Work task: Starting with the line that has "[대전광역시] 2026년 대전광역시 중소기업 긴급경영안정자금 공고" in the records below and stopping after the line that has "Composantes agrégées et", output every line exactly and nothing else; skip pictures.

Given records:

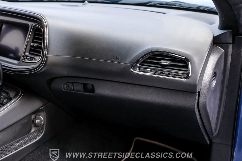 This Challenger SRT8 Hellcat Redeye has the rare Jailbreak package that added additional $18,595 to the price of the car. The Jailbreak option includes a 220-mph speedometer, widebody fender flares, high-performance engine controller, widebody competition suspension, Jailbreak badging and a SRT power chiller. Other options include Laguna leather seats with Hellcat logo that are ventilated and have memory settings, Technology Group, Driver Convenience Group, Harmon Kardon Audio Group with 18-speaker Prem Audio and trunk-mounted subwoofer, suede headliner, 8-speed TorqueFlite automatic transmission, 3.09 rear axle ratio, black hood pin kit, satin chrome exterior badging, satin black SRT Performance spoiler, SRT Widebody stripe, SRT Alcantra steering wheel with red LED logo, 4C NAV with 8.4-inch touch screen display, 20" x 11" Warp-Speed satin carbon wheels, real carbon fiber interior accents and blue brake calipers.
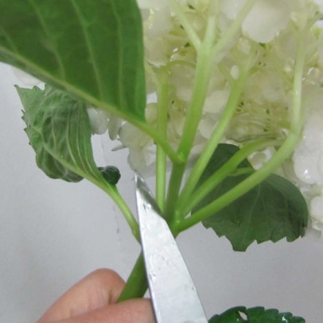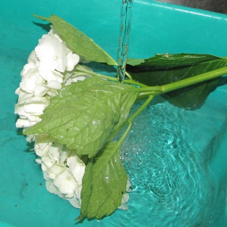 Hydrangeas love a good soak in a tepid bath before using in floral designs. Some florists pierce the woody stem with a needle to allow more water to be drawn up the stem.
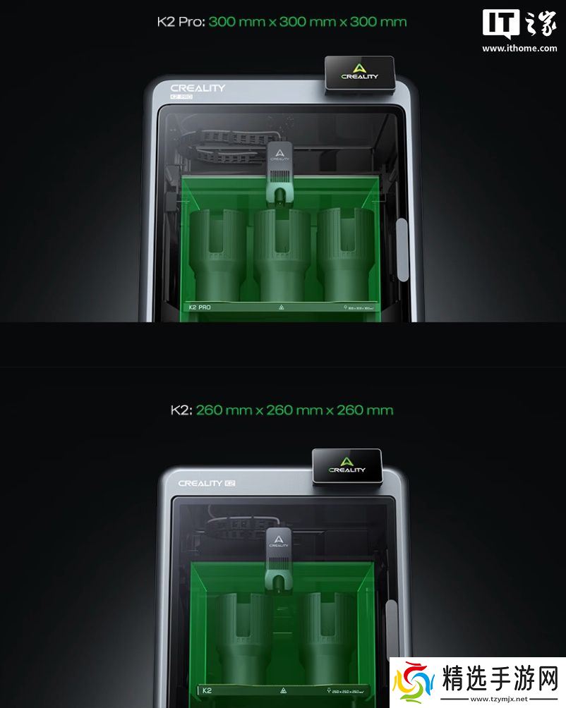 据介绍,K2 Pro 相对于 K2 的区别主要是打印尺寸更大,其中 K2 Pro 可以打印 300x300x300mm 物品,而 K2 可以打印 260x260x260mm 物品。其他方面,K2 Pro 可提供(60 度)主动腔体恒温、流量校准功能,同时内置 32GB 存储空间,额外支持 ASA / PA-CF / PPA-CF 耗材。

* * *

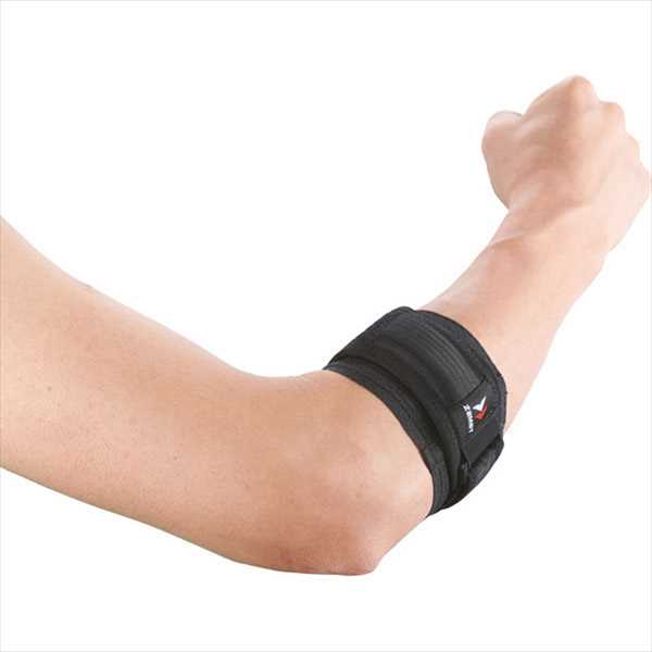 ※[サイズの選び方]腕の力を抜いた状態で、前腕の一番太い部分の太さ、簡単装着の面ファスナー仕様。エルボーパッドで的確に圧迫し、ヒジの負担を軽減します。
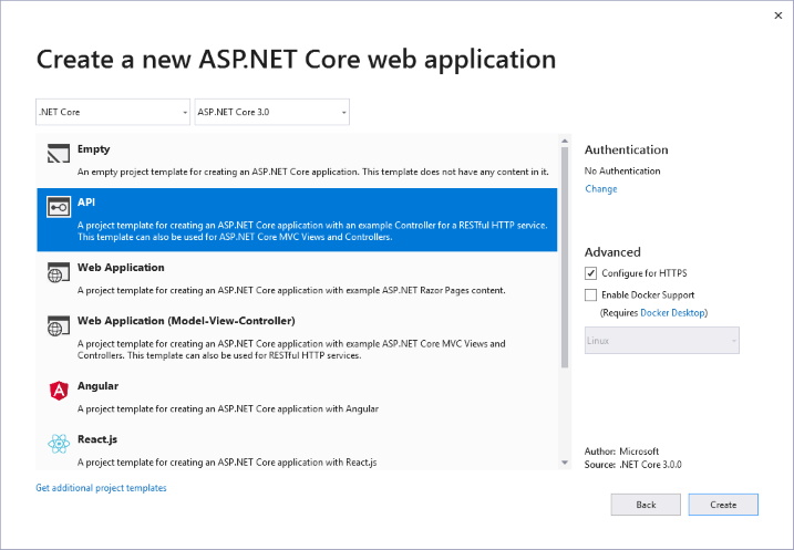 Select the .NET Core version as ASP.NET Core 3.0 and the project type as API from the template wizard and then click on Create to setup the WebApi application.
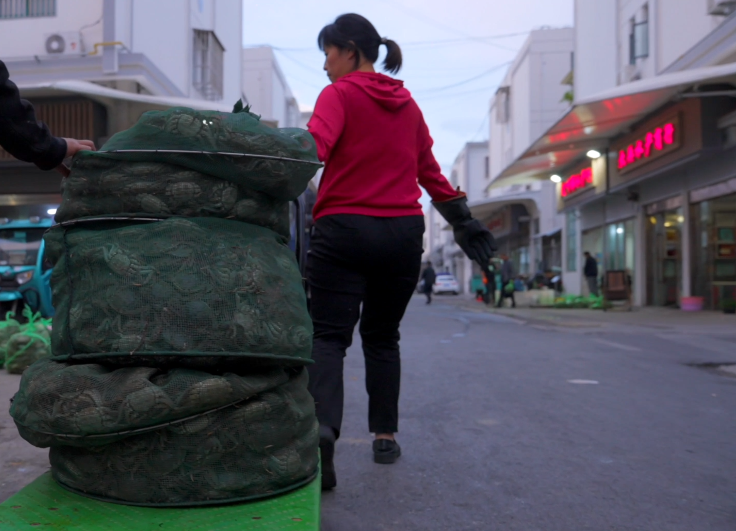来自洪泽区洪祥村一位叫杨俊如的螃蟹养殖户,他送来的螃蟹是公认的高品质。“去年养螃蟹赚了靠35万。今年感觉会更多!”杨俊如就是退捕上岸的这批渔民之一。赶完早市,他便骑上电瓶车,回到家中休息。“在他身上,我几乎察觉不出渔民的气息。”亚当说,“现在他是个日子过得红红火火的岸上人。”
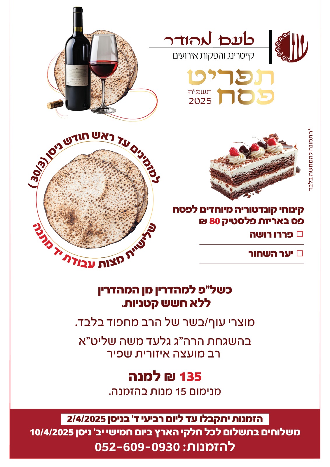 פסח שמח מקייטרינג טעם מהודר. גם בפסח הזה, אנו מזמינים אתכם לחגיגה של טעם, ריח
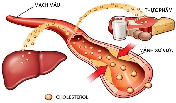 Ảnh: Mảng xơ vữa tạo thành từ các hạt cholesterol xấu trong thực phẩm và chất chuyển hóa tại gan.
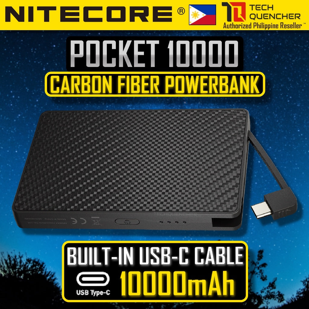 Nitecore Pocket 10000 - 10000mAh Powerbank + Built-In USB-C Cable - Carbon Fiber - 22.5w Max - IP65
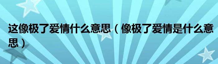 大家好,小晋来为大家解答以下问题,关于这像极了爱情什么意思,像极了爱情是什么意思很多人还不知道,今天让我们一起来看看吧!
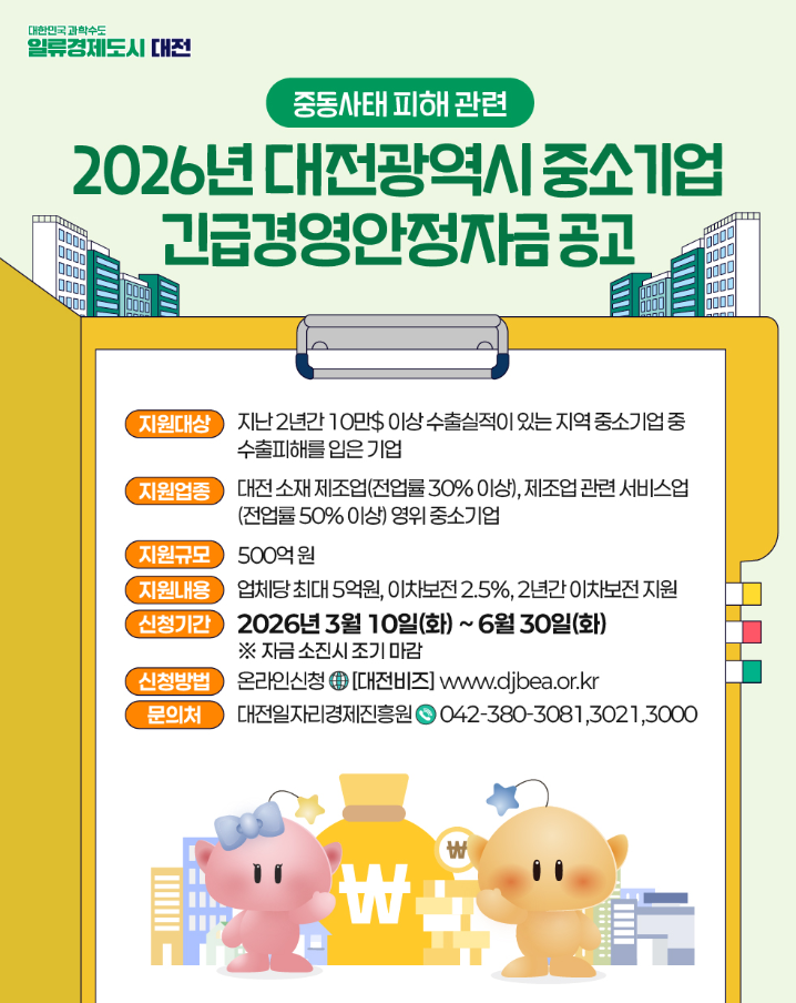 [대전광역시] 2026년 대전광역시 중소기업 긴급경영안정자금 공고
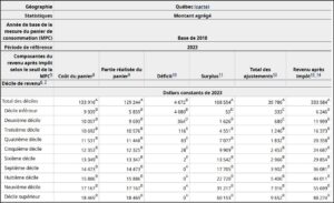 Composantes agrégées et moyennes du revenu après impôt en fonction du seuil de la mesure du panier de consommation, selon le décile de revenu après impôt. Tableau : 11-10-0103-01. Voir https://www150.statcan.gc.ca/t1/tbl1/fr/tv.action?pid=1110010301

--

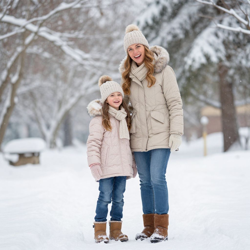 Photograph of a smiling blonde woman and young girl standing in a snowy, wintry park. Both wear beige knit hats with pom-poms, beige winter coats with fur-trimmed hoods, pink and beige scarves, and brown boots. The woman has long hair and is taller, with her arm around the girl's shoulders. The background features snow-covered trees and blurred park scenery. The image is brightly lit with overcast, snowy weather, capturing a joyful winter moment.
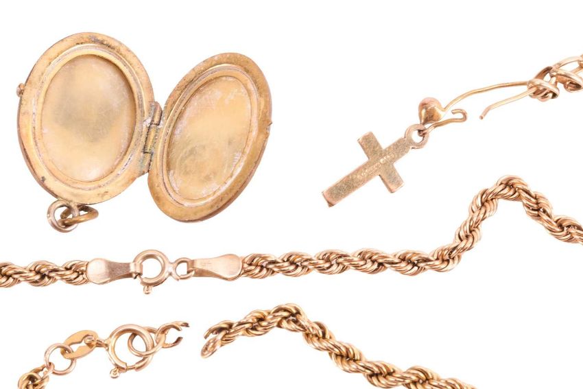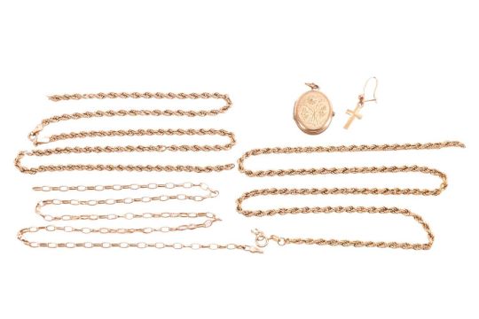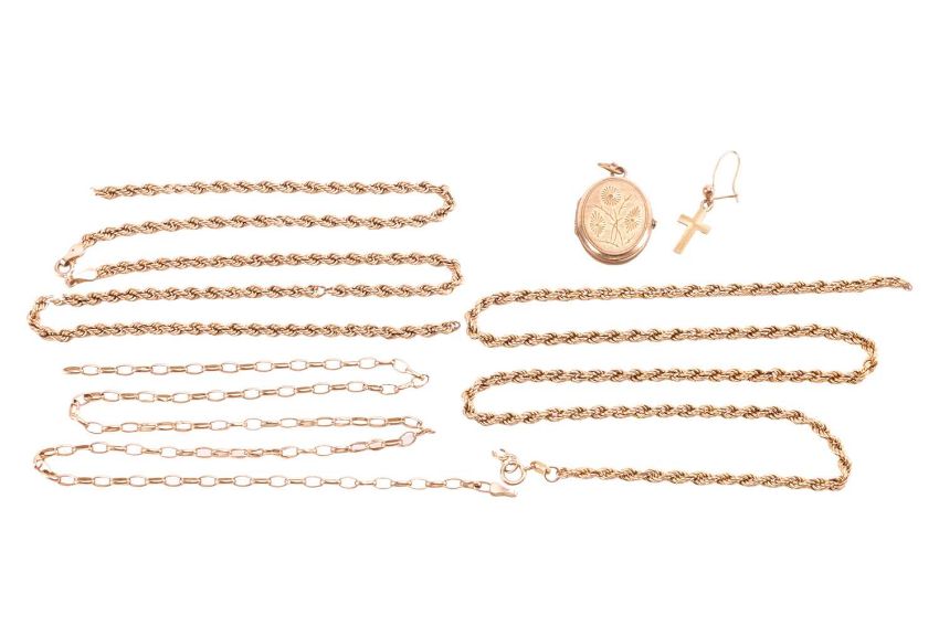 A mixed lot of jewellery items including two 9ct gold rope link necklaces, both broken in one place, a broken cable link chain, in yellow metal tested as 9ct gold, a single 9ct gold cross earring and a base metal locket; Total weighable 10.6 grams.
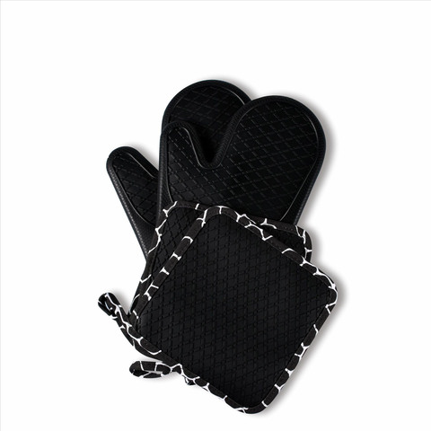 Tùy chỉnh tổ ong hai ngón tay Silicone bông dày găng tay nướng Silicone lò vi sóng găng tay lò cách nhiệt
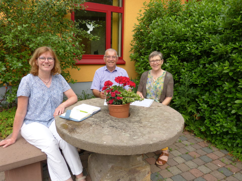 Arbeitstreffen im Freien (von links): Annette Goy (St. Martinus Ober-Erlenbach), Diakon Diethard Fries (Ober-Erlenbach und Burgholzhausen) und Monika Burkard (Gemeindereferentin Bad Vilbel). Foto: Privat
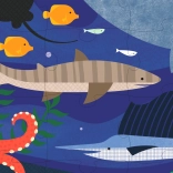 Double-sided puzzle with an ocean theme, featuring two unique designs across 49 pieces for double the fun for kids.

Result for this task:
 [대전광역시] 2026년 대전광역시 중소기업 긴급경영안정자금 공고
 Composantes agrégées et moyennes du revenu après impôt en fonction du seuil de la mesure du panier de consommation, selon le décile de revenu après impôt. Tableau : 11-10-0103-01. Voir https://www150.statcan.gc.ca/t1/tbl1/fr/tv.action?pid=1110010301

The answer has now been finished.